What you should do:
The required answer is the run of lines from the one holding "Vintage/New BABY DEER" to the end of the data below, copied exactly and free of pictures.

===== Source material

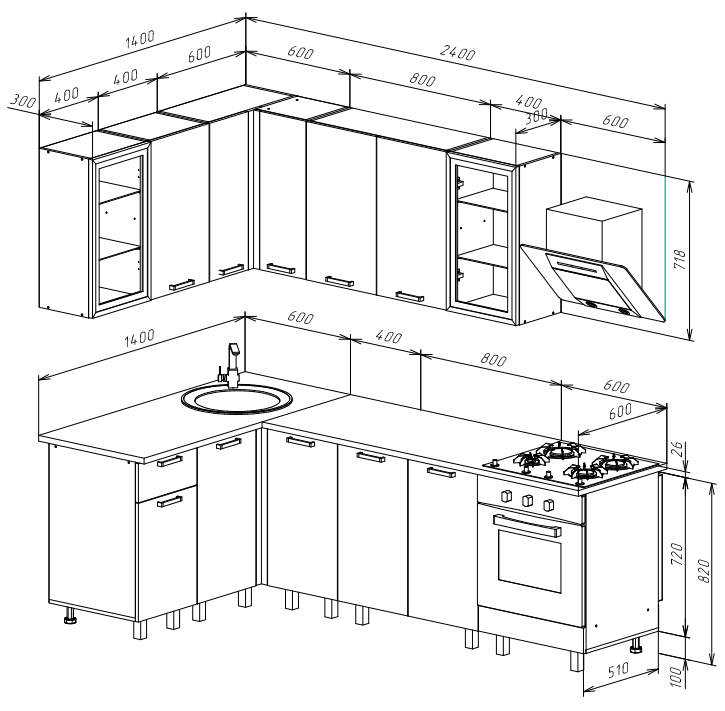 Высота нижних модулей: 820 мм.
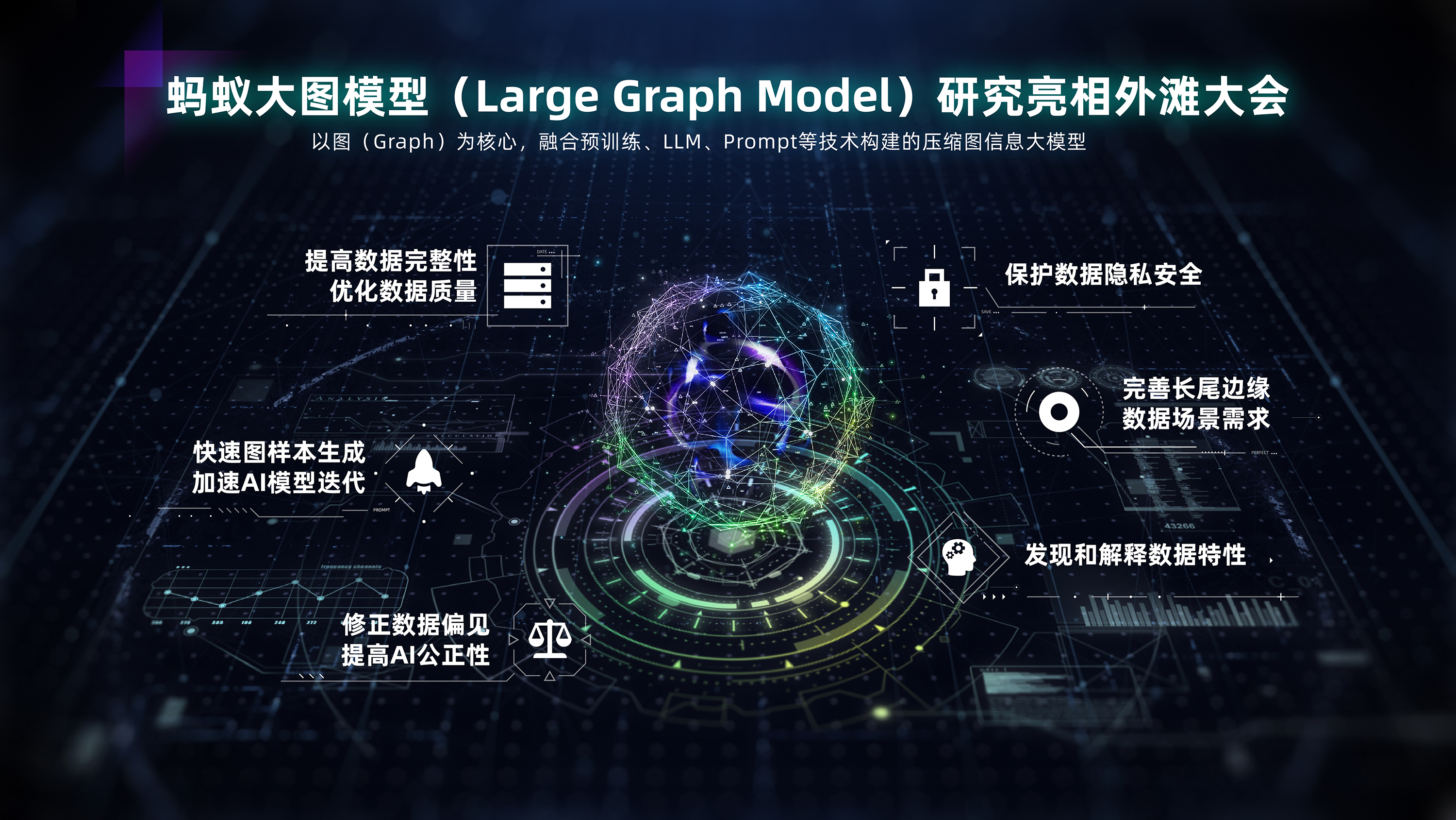 在这项研究中,蚂蚁集团主要开展了两项工作。 第一,利用大语言模型丰富图数据。区别于普通的上下文依赖模型,大语言模型可以根据现有数据生成新的数据点。这项工作名为 “生成式异质图增强”工作,即通过大语言模型来扩展和丰富不同类型的图数据。第二,通过Prompt(一种指令或提示)引导模型学习和发现特定数据特性。例如,设置一个 Prompt“一年内违约3次以上的群体的共同特征”,模型便会生成满足特定条件的数据样本。这种能力可以加速数据分析和特性发现的过程。
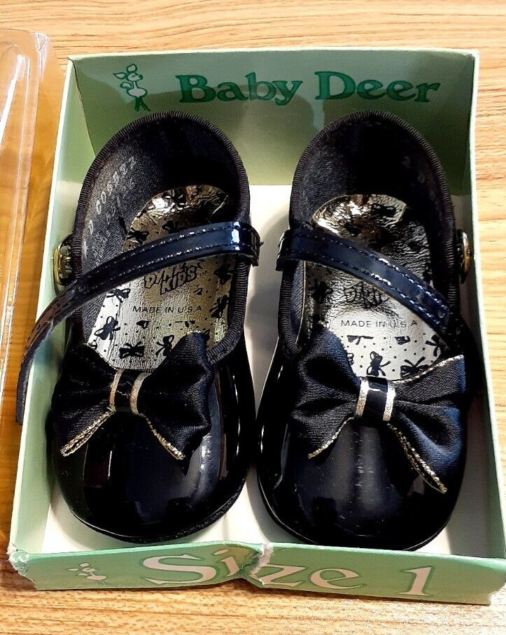 Vintage/New BABY DEER Patent Leather Infant Dress Shoes Size Black Gold Bow
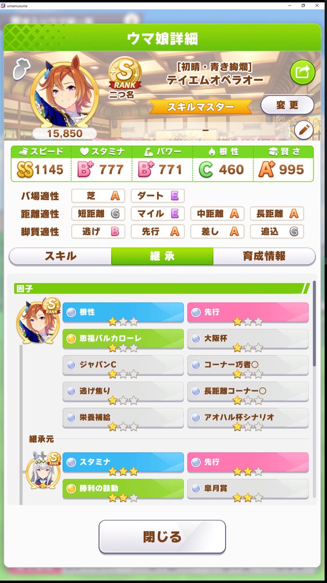 新オペラオー、スキルは強いけど長距離の先行がキツイ感じか新衣装オペラオー、育成中の0スキルでも強いんだけどオペラオー普通に強いなオペラオーやはりそこそこ強いんだオペラオー固有はすごく族だから強いえっっ新オペラオーってもしや強い??通常オペラオー持ってないからほしい振袖オペラオー、ステ盛りやすい!振袖オペラオー普通につよそうなんだよなぁ振袖オペラオーいい性能してるから欲しいな

==========

The answer:
 Vintage/New BABY DEER Patent Leather Infant Dress Shoes Size Black Gold Bow
 新オペラオー、スキルは強いけど長距離の先行がキツイ感じか新衣装オペラオー、育成中の0スキルでも強いんだけどオペラオー普通に強いなオペラオーやはりそこそこ強いんだオペラオー固有はすごく族だから強いえっっ新オペラオーってもしや強い??通常オペラオー持ってないからほしい振袖オペラオー、ステ盛りやすい!振袖オペラオー普通につよそうなんだよなぁ振袖オペラオーいい性能してるから欲しいな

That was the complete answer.